Dual-class shares — or two classes of shares with different voting rights issued by the same company — may be moving closer to reality in Indonesia.
Indonesia’s Financial Services Authority (OJK) has prepared a draft regulation that may permit the issuance of shares with multiple voting rights (MVR), show details published on the regulator’s website.
The move is aimed at wooing more tech giants to list on the domestic bourse (IDX) instead of pursuing IPOs on foreign exchanges, such as in the US, where listed companies can issue dual-class shares.
Many of Indonesia’s unicorns are currently weighing IPO plans. While e-commerce marketplace Bukalapak is said to be working on an up to $800 million domestic IPO by August, GoTo has already expressed interest in a dual listing in Indonesia and the US this year.
Criteria to issue MVR shares
According to the draft regulation, which runs into 34 chapters, companies that wish to issue dual-class shares must meet certain criteria.
The total assets of the company must be at least 2 trillion rupiah ($138.89 million) and the business must have been operational for a minimum of three years. The compound annual growth rate (CAGR) of total assets and income for the three years preceding the issue of MVR shares should be at least 35% and 30%, respectively.
The company must also have never made a public offering of equities before, according to the draft of the regulation on OJK’s website.
Chapter 4 of the draft states that the company issuing MVR shares must clearly state:
- The name of the party that owns the MVR shares.
- The parties who can become shareholders with MVR shares.
- Provisions on the ratio of the voting rights of ordinary shares to the voting rights of MVR shares.
- Requirements regarding MVR shares that have voting rights equivalent to ordinary shares, in specific agendas during shareholder general meetings.
Chapter 5 of the draft regulation states that each shareholder with multiple voting rights (MVR) is prohibited from shifting part or all of the ownership of such shares for up to two years after the registration statement.
Chapter 6 states that shareholders with MVR, either individually or collectively, can only own up to 47.3% of all shares. If they own more than 47.3% of total shares, the excess MVR shares will be considered as common stock.
Chapter 7 lays down the conditions regarding the ratio of voting rights of ordinary shares to MVR shares:
- If the ownership of shares with MVR is above 10% and below 47.3% of the total shares issued, the ratio of voting rights of ordinary shares to shares with MVR should be 1:10.
- If the ownership of shares with MVR is between 5% and 10% of the total shares issued, the ratio of voting rights of ordinary shares to shares with MVR should be 1:20.
- If the ownership of shares with MVR is between 3.5% and 5% of the total shares issued, the ratio of voting rights of ordinary shares to shares with MVR is 1:30.
- If the ownership of shares with MVR is between 2.5% and 3.5% of the total issued shares, the ratio of voting rights of ordinary shares to shares with MVR can be 1:40.

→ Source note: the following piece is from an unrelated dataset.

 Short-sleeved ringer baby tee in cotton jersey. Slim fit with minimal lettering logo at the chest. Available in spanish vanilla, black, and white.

The party that owns shares with MVR must be designated as a shareholder with MVR and must be included in the statute before the IPO. The party either individually, or collectively, must have voting rights of more than 50%.
Parties that can own shares with MVR must also gain approval from independent shareholders.

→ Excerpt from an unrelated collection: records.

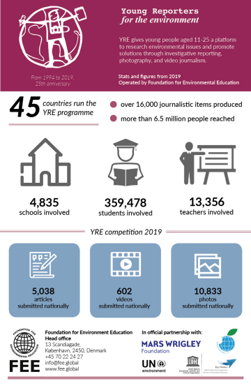 Jak si vede program Mladí reportéři pro životní prostředí v roce 2019? Slaví 25. výročí svého založení a počet zapojený zemí, škol a žáků stále narůstá. Podívejte se na nejnovější infografiku.
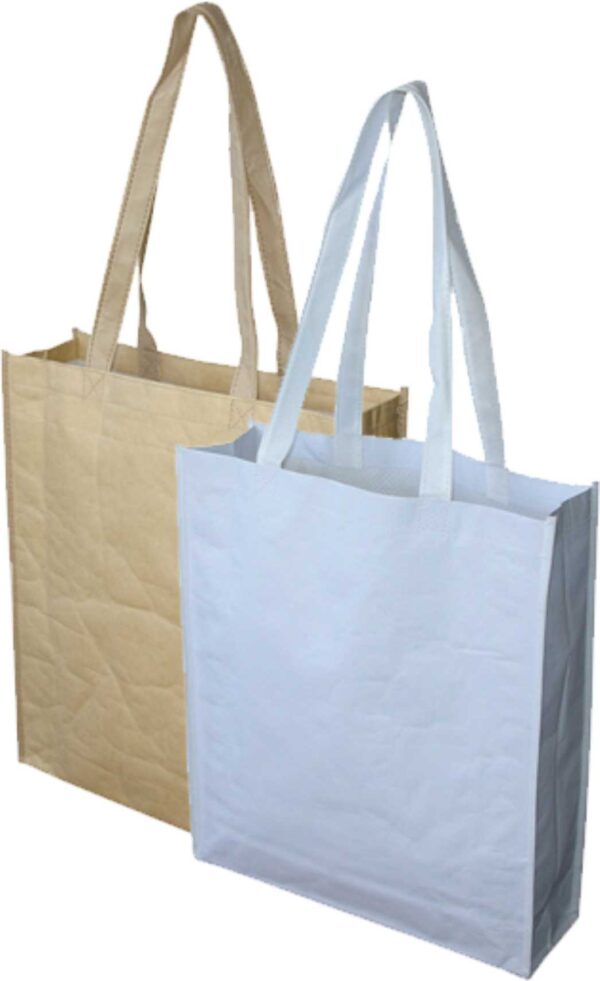 Our Tuff Tote Plaza Paper Bag is perfect as a reusable shopping bag with white PP woven, lined interior. They feature non woven handles with piping and are capable of carrying heavier items. They are also water resistant, tough and durable making them a great choice for many uses. An excellent, budget option for an eco friendly campaign or event.
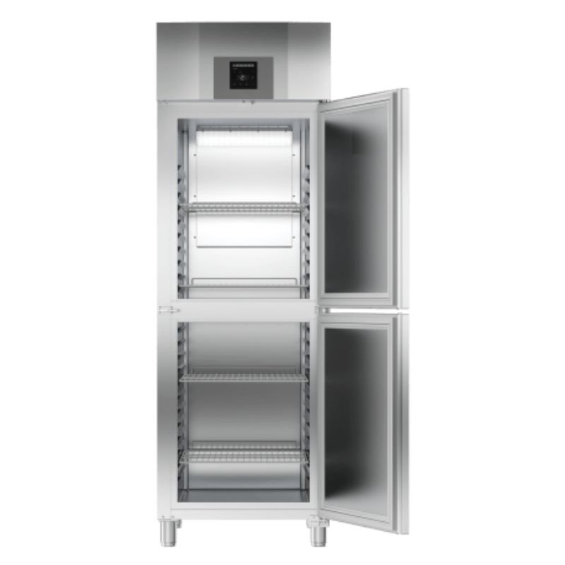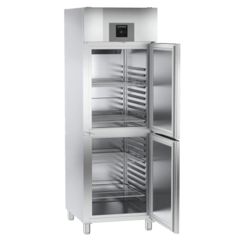 GN 2/1 iç mekana sahip Liebherr GKPv 6577 modeli, 464 litrenin üzerinde soğutma kapasitesi sunar. Sıcaklık aralığı +1°C ile +15°C arasında ayarlanabilir. İç haznedeki önceden şekillendirilmiş kanallar sayesinde paslanmaz çelik dolabın temizlenmesi kolaydır.
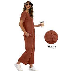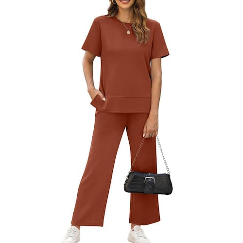 XIEERDUO Conjunto feminino de 2 peças, moda para viagem, fato de treino, confortável, pernas largas, para aeroporto, P-3GG, Ferrugem - Tecido leve como o ar/fluxo de ar ideal/elasticidade em 4 direções. As 2 peças são feitas com tecido espaçador leve, macio e ultra drapeado, projetado para parecer sedoso em sua pele. - Gola redonda básica/manga curta/blusa com fenda lateral. Esta túnica confortável é longa o suficiente para cobrir seus quadris, esconder sua barriga - Comprimento curto (9/10)/ Calça com cordão de cintura elástica/calça de moletom de perna larga. Calça com dois bolsos laterais práticos, ajuda a segurar seu celular, chaves, moedas e batons facilmente, pare de se preocupar com onde colocar seu telefone enquanto você está trabalhando/praticando esportes - Pode ser vestido por cima ou por baixo, ótimo para uso casual/vestir-se/férias/viagens/negócios casuais/trabalho/exercícios - Lavar à máquina em água fria, secar em temperatura baixa ou pendurar para secar. Passar a ferro em configurações baixas. A embalagem Acuum pode causar rugas na parte superior, mas lavar ou passar a ferro as refrescará
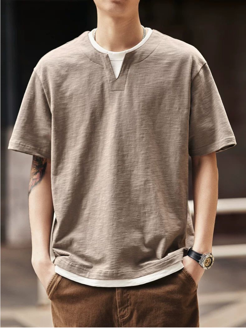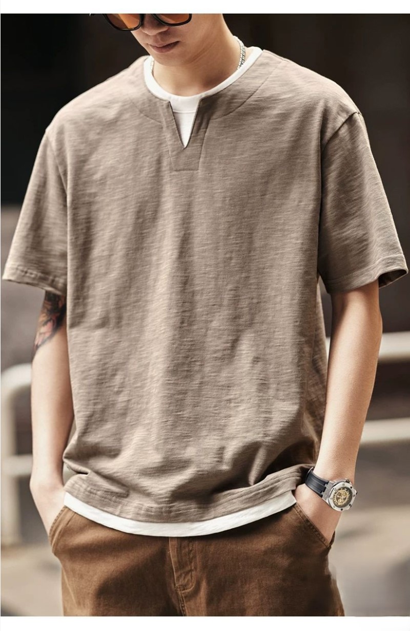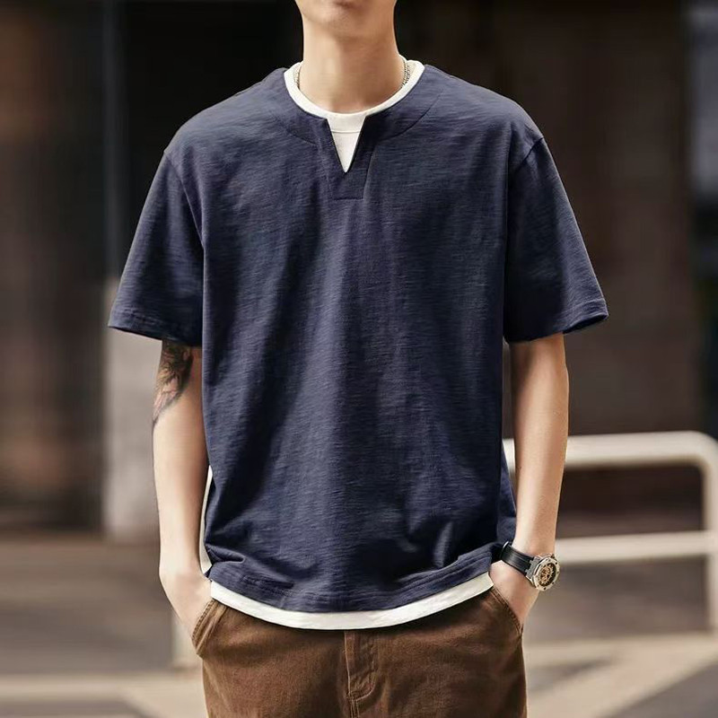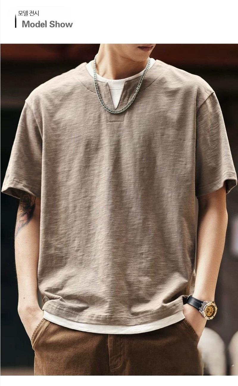 남성 라운드넥 코튼 린넨 반팔 티셔츠 여름 편안한 데일리 무지 베이직 외출용 남성용
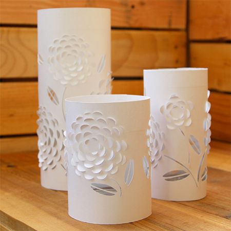 Aveti nevoie de carton, un tipar de model si un cutit sau cutter pentru a va realiza obiecte decorative inedite. Puteti folosi si recipiente de sticla, un bol sau borcan pe care sa fixati hartia cu modelul. Nu uitati si de dublu adeziv pentru a va usura sarcina.

Chapter 19 dwells on raising capital through a rights issue and states that if the investors with no MVR inject more funds, the new shares will be common stocks.

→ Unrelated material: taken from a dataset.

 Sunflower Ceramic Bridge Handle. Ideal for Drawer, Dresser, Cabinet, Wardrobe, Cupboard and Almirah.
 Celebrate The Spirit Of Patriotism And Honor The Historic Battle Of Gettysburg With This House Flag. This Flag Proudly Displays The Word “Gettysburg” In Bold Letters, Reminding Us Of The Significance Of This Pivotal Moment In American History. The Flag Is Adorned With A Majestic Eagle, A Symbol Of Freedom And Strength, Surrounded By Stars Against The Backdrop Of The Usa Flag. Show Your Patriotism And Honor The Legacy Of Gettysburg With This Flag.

During fundraising through private placement, the new shares through private placement must be common stocks. To maintain the ownership of MVR shares so that they have at least 50% of voting rights, the shareholders with MVR could participate in fundraising through private placement.
The company must ensure that ordinary shares have at least 10% of overall voting rights. Each corporate action is prohibited from causing the voting rights of common stocks to be less than 10% of the total voting rights.
“As it is still a draft regulation, it is still possible to change the clauses and contents of the regulation. The draft is still open to the public, especially capital market stakeholders until June 21, 2021,” said IDX director I Gede Nyoman Yetna.
Globally, tech giants like Google and Facebook have listed dual-class shares to maintain the autonomy of their founders even when their shareholding is less than other investors.
Meanwhile, in Asia, the Hong Kong Stock Exchange and Singapore Stock Exchange allowed companies to list dual-class shares in 2018. China’s Shenzhen Stock Exchange allowed the same in 2020.
By implementing a dual-class share structure, the IDX can compete and level the game up with other stock exchanges, Nathaniel Mangunsong, managing partner at Adrem Law Firm, had told DealStreetAsia in February.